The characteristic information of each characteristic type is used as a characteristic view of the equipment identification model by classifying the characteristic information, and equipment identification is carried out together by adopting the thought of multi-view learning and the mode of mutually complementing different views.
Step S023, vectorizing the feature information of each feature type according to a preset data processing method corresponding to each data transmission protocol to obtain vector information of each feature type.
Before inputting the feature information of each data type into the device identification model, the feature information also needs to be vectorized. Due to the difference of the data structure of each data transmission protocol, the extracted characteristic information has different data characteristics, for example, the characteristic information of the DHCP, DHCPv6, SSDP, LLMNR, BROWSER, NBNS protocols has key-value pair type, and the characteristic information of the mDNS protocol has pseudo-natural language type. Therefore, a preset data processing method corresponding to each data transmission protocol is adopted when vectorization is performed. For example, for feature information of a key-value pair type, it is vectorized in onehot coded form, and for feature information of a pseudo-natural language type, it is vectorized using word2vec and LDA.
And S024, splicing the vector information of each characteristic type according to a preset splicing rule to be used as fingerprint information of the equipment to be identified, and inputting the fingerprint information into the preset equipment identification model.
And according to a preset splicing rule, transversely splicing the vector information of the characteristic information obtained after vectorization to form the fingerprint information of the equipment to be identified.
And inputting the fingerprint information of the equipment to be identified into the trained equipment identification model to obtain the equipment information of the equipment to be identified.
Similarly, in the process of training the device model to be recognized, the feature information training samples of the known devices need to be vectorized to obtain the fingerprint information of the known devices, and then the fingerprint information is used for training.
Since the device identification apparatus continuously collects the traffic to be identified, the fingerprint information of the device to be identified may be continuously updated according to the increase of the collected broadcast and multicast traffic. Specifically, the fingerprint information of the device to be identified may be obtained according to a preset interval period, for example, 30 seconds or 1 minute.
The embodiment of the invention formats the acquired traffic to be identified, and then performs feature extraction, vectorization and splicing according to each data transmission protocol to obtain the fingerprint information of each device to be identified as the input of the device identification model, thereby being capable of more accurately identifying the device to be identified in the wireless network.
Fig. 2 is a schematic structural diagram of an equipment identification model according to an embodiment of the present invention, where the equipment identification model specifically includes a neural network with depth fusion and breadth fusion.
The equipment identification model is a multi-view neural network based on a hybrid fusion mode and is named as a multi-view wide and deep learning model (MvWDL).

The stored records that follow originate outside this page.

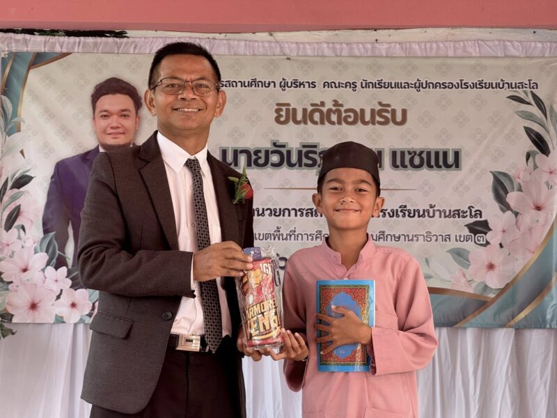 >>>>>>วันที่ื 13 มกราคม พ.ศ.2569 เวลา 10:30 น. นายตอฮีรน หะยีเลาะแม ผู้อำนวยการสำนักงานเขตพื้นที่การศึกษาประถมศึกษานราธิวาส เขต 3 เป็นประธานในพิธีต้อนรับและร่วมแสดงความยินดีกับ นายวันริฎวาน แซแน ในโอกาสรับตำแหน่งรองผู้อำนวยการโรงเรียนบ้านสะโล อำเภอระแงะ จังหวัดนราธิวาส ทั้งนี้ ผู้บริหาร คณะครู และนักเรียนโรงเรียนบ้านบาตู มิตรภาพที่ 66 สังกัดสำนักงานเขตพื้นที่การศึกษาประถมศึกษานราธิวาส เขต 1 และผู้บริหารสถานศึกษา สังกัดสำนักงานเขตพื้นที่การศึกษาประถมศึกษานราธิวาส เขต 3 ร่วมแสดงความยินดีในโอกาสดังกล่าว
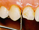 de color o marca, al nivel del margen gingival. El extremo de la sonda
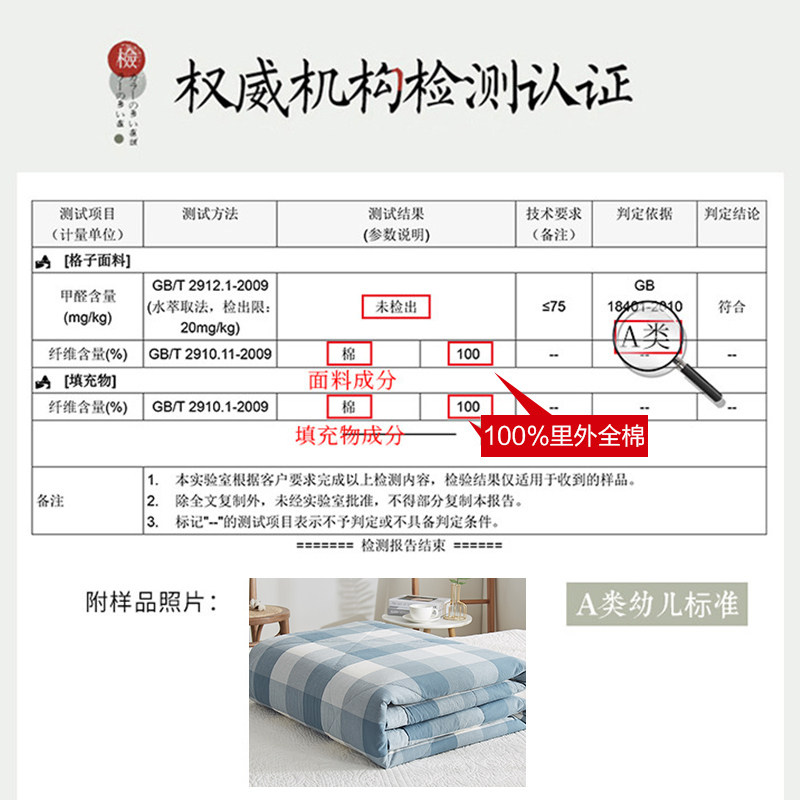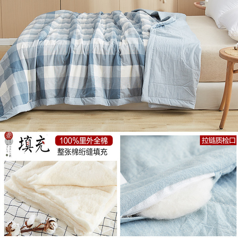 150x200cm (single summer cool quilt) 100% cotton inside and out comfortable soft naked sleeping skin-friendly 180x200cm (increased single quilt) 100% cotton inside and outside can not be machine washed balls do not knot 200X230cm (double summer cooling quilt) 100% inside and outside cotton Class A mother and baby class moisture absorption and breathability 220X240cm (double summer cooling quilt) 100% cotton inside and outside Gift bag + quality inspection report 1.2 meters bed three-piece set (150 * 200cm summer quilt + 200 * 230cm sheet + pillowcase * 1) 1.5m bed four-piece set (150*200cm summer quilt +200*230cm bed sheet + pillowcase pair) 1.8m bed four-piece set (180*200cm summer quilt+240*250cm bed sheet + pillowcase pair) 2.0m bed four-piece set (200*230cm summer quilt +240*250cm bed sheet + pillowcase pair) 2.2m bed four-piece set (220*240cm summer quilt + 240*250cm bed sheet + pillowcase pair) 150x200cm ( Spring and Autumn Quilt - approx. 4 kg) 150x200cm (Winter Quilt - Approx. 6 kg) 180x220cm (Spring and Autumn Quilt - Approx. 6.5 kg) 180x220cm (Thickened Winter Quilt - Approx. 8.5 kg) 200X230cm (Spring and Autumn Quilt - Approx. 6.7 kg) 200X230cm (Thickened Winter Quilt - Approx. 8.7 Kg) 220X240cm (Thickened Winter Quilt - Approx. 9 kg)

By pre-sorting the 6 independent complementary feature views F ═ { v } in the above embodiment1,v2,v3,v4,v5,v6Dense embedding characterization of
Figure BDA0002612549010000074
Figure BDA0002612549010000075
Fused to the following two structures: (a) one is a neural network of deep fusion for early fusion to maximizeGeneralizing the generalization performance of the equipment identification model, and (b) enabling an extensive fusion wide fusion neural network for post-fusion to improve the interactive memory between the information of each piece of equipment and each feature view, namely how each feature view responds to the manufacturer, the type of equipment and the model of the equipment.
The output of the equipment identification model is divided into equipment information obtained by an equipment class identification classifier according to the output final conditional probability and a judgment result output by an Abnormal equipment monitor Abnormal Device detection whether the equipment information is Abnormal equipment or not.

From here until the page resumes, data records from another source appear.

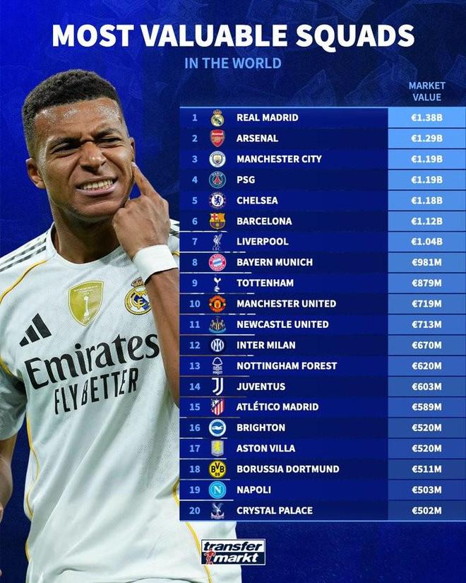 - 英超 | 德转列总身价最高球队排名:皇马13.8亿欧居首,阿森纳第二
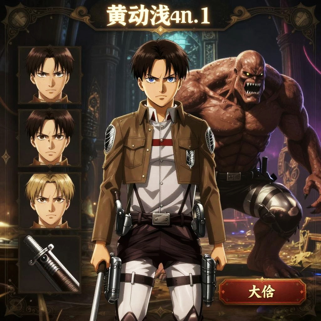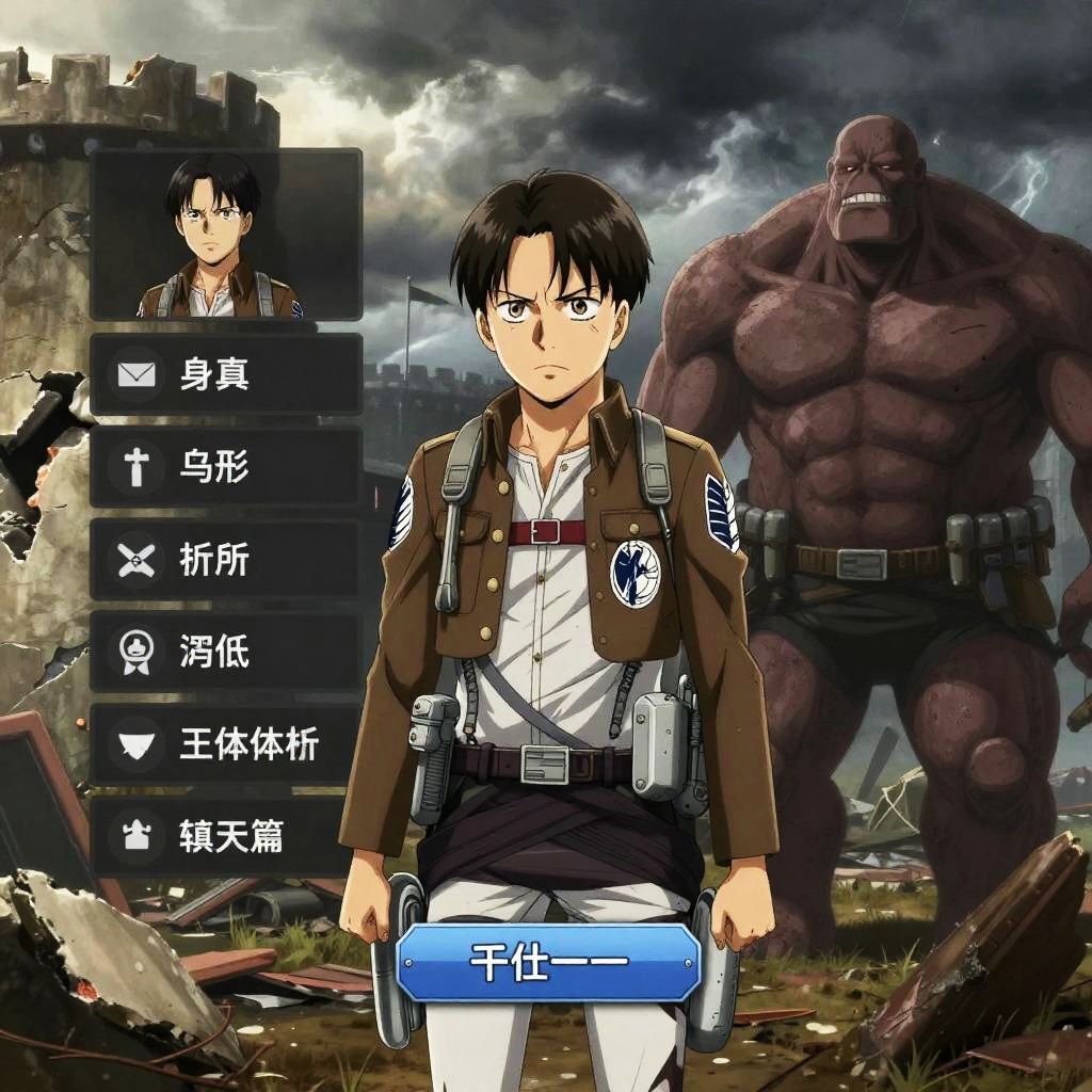 Create an imagined Attack on Titan character maker screen with options to design soldiers and Titan forms, featuring anime-style characters with detailed expressions, military uniforms, vertical maneuvering equipment, against a backdrop of crumbling walls under a stormy sky.
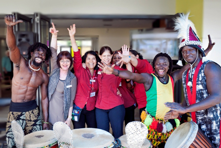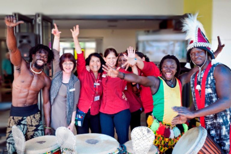 African drumming with djembes and African instruments available for team building workshops.
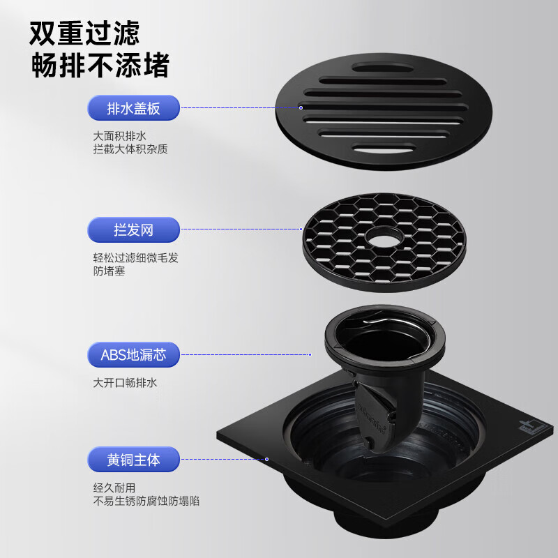 潜水艇/Submarine 100*100mm/铜/DN50/黑色 隐形地漏 100*100mm/铜/DN50/黑色
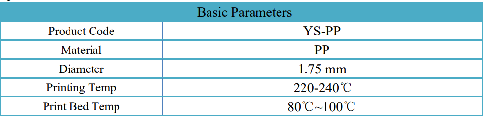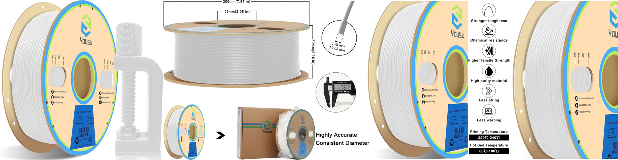 YOUSU PP 3D FILAMENT which is specially designed by Yousu 3D Technology Co., Ltd, limited for 3D FDM printer. As a popular product used in 3D printing, our product shows excellent mechanical and physical properties after printed as a part.
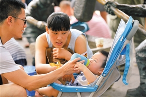 “全面两孩”拟于明年元旦落地。图为福州出行的家长正在给小孩喂水。(资料图片)

The final conditional probability is obtained by:
Figure BDA0002612549010000071
wherein, the
Figure BDA0002612549010000072
The classification judgment probability obtained for the breadth-fused neural network,
Figure BDA0002612549010000073
the probability of classification decision obtained for a deeply fused neural network, tcIs a certain device information, i.e. manufacturer, device type or device model.
In the training stage of the MvWDL model, in order to balance the feature information training samples of different known devices in the training sample set, for a smaller number of known devices, multiple copies of the feature information training samples of the known devices may be copied and put into the training sample set for training.
According to the embodiment of the invention, the equipment identification model is constructed based on the multi-view breadth and deep learning model, so that the counterfeit DHCP server or gateway in the wireless network can be identified more accurately.
Further, the step S03 specifically includes:
step S031, if the output of the device identification model satisfies a preset inconsistency determination condition, determine that the device to be identified is an abnormal device.
From the above embodiment, it can be seen that, if it is determined that the device to be recognized is a certain known device according to the output of the device recognition model, device information of the model to be recognized is given.
And if the model to be recognized is judged not to be the known equipment according to the output of the equipment recognition model, the equipment to be recognized is considered to be the unknown benign equipment or the unknown abnormal equipment. The benign device is a normal device which is not marked in the training process of the device identification model, and the abnormal device is a fake device or a malicious device.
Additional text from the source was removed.